2017 année électorale

quelques éléments de réflexion

À l’approche des élections présidentielles de 2017, les évêques ont souhaité proposé quelques éléments de réflexion sur les grands thèmes qui fondent notre société.

Cette déclaration s’adresse aux communautés chrétiennes et à l’ensemble des acteurs de la vie politique française... des électeurs aux élus.

S’appuyant sur l’actualité, les évêques membres du Conseil permanent ont articulé cette déclaration autours de 7 points. Quelques questions :

  • Démocratie et société de violence : comment favoriser un véritable débat national en évitant les crispations identitaires ?
  • Pour un projet de société : quel projet de société voulons-nous ? Comment concilier progrès technologiques et respect de la dignité humaine ? Quel respect de la vie de son commencement à sa fin ?
  • Vers un pacte éducatif : comment proposer une meilleure qualité d’éducation pour les jeunes ? Comment favoriser la cohésion familiale ?
  • Solidarité : remettre la recherche du bien commun au cœur de notre société.
  • Migrants : est-il aujourd’hui tolérable que des millions d’hommes de femmes et d’enfants vivent sur notre territoire dans des conditions trop souvent inhumaine ? Quelle volonté d’intégration ?
  • Europe : comment continuer à se développer sans une véritable adhésion des peuples d’Europe ?
  • Écologie : un an après la COP21 qui s’est tenue à Paris en décembre et la parution de l’encyclique Laudato Si, quelles solutions pour protéger la « maison commune» ? Comment réinventer notre société pour un monde plus juste et moins destructeur ?

Dans le détail...

1. Démocratie et société de violence

La  pratique  démocratique  établit  des  règles  de  débat  qui  permettent  de  confronter des convictions et de choisir pacifiquement entre différents projets de société. Quand la vie démocratique tombe dans le discrédit ou l’impuissance, les intérêts particuliers et les groupes de  pression s’habituent à user de leurs moyens de contrainte pour forcer les responsables politiques à satisfaire leurs demandes. L’excès de lois trop circonstancielles émousse la force de la loi et le respect qui lui est dû.

On s’efforce de dénier les procédures démocratiques pour obtenir par la contrainte, ou même la violence, ce que l’on n’a pas obtenu dans les urnes. Si nous voulons progresser dans les pratiques démocratiques, nous   devons promouvoir l’exercice du droit de vote en développant dans la sociétéun véritable débat qui échappe aux postures, aux «petites phrases» et aux ambitions personnelles.

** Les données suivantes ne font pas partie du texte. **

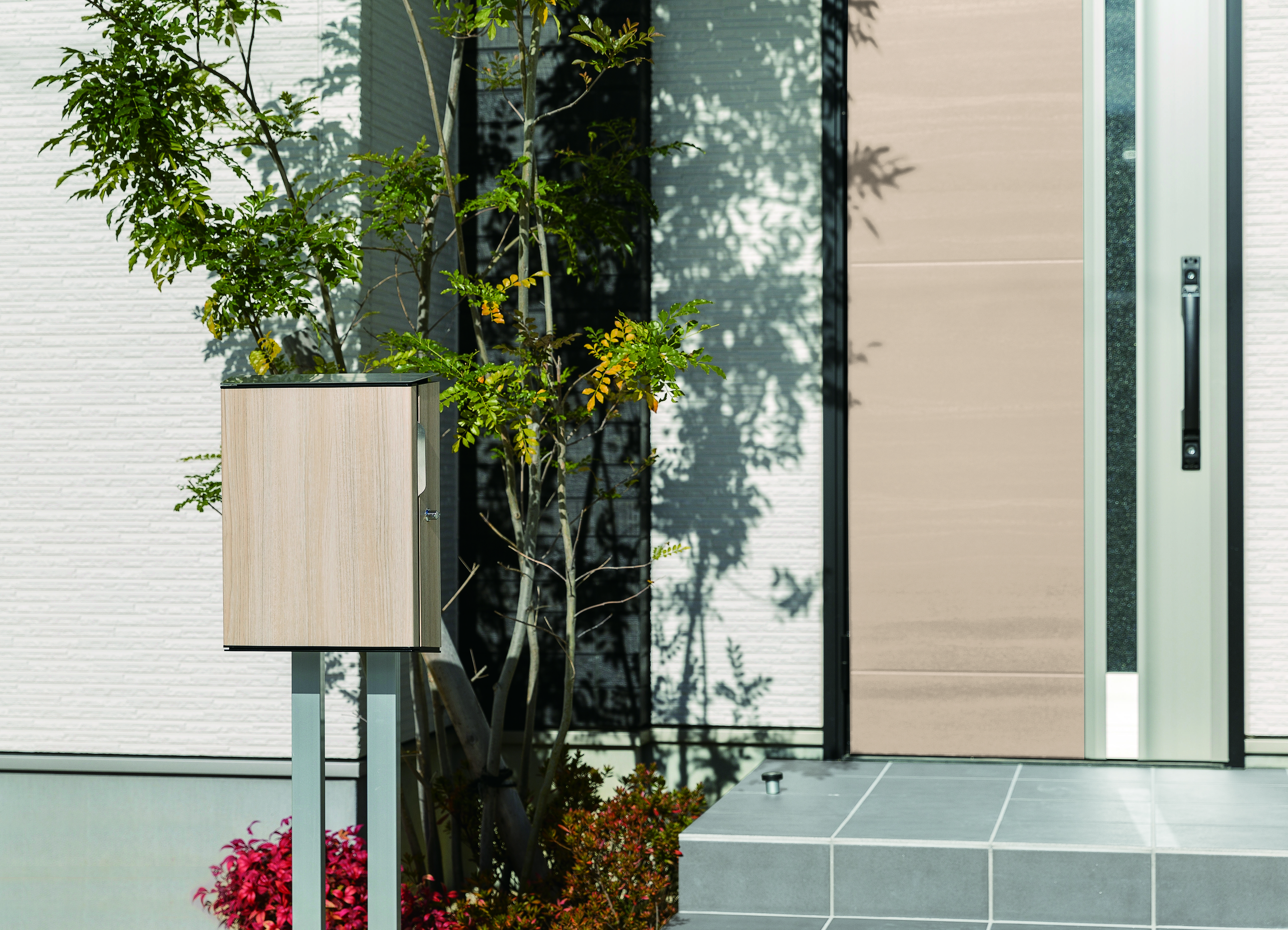 通常の郵便物のほか、サインや受領印が要らないメール便を不在時に受け取れるポスト。壁面に取り付ける壁付けタイプと、建物を引き立てる壁埋め込みタイプの2種類を用意した。 壁付けタイプの投函口は上部に付いており、正面の扉を開けて郵便物を取り出す。もう1つの壁埋め込みタイプの投函口は正面で、取り出しは背面から。 木目調3色、マットカラー3色。

Le jeu médiatique, établi sur la  mise en  valeur  excessive  de  la  polémique et de la dénonciation, focalise l’attention générale sur des conflits de personnes ou des ambitions particulières en négligeant les convictions et les  propositions argumentées. Il fait  apparaître les projets et les candidats comme un jeu de rôles dans lesquels les enjeux ne sont présentés que comme des prétextes. Il ne favorise pas laconfrontation pacifique, mais en développant la violence verbale, il contribue à développer une sorte d’hystérie de la vie publique.

Pour favoriser un véritable débat national, la campagne électorale à venir devra éviter les risques de crispations identitaires tout en faisant droit au fait national: nos racines, notre culture, notre patrie avec son histoire,   ses responsabilités et ses atouts, la place et l’importance du fait religieux et des religions.

2. Pour un projet de société

Le débat démocratique n’est pas une fin en soi. Il est au service de la confrontation entre des opinions et des projets. Il doit donc être une occasion d’expliciter quel projet de société nous voulons soutenir etpromouvoir. Trop souvent les critères mis en avant se limitent à envisager et exprimer les données économiques, comme si l’économie était le seul facteur de construction de la qualité de la vie humaine, personnelle et collective.

L’être  humain  est  plus  qu’un  élément  du  processus  économique.  Les  progrès technologiques et économiques doivent être au service du bien de tous et non seulement du profit de quelques-uns. C’est donc vers une économie du partage que nous devons avancer, vers un partage plus équitable du travail et des fruits du travail.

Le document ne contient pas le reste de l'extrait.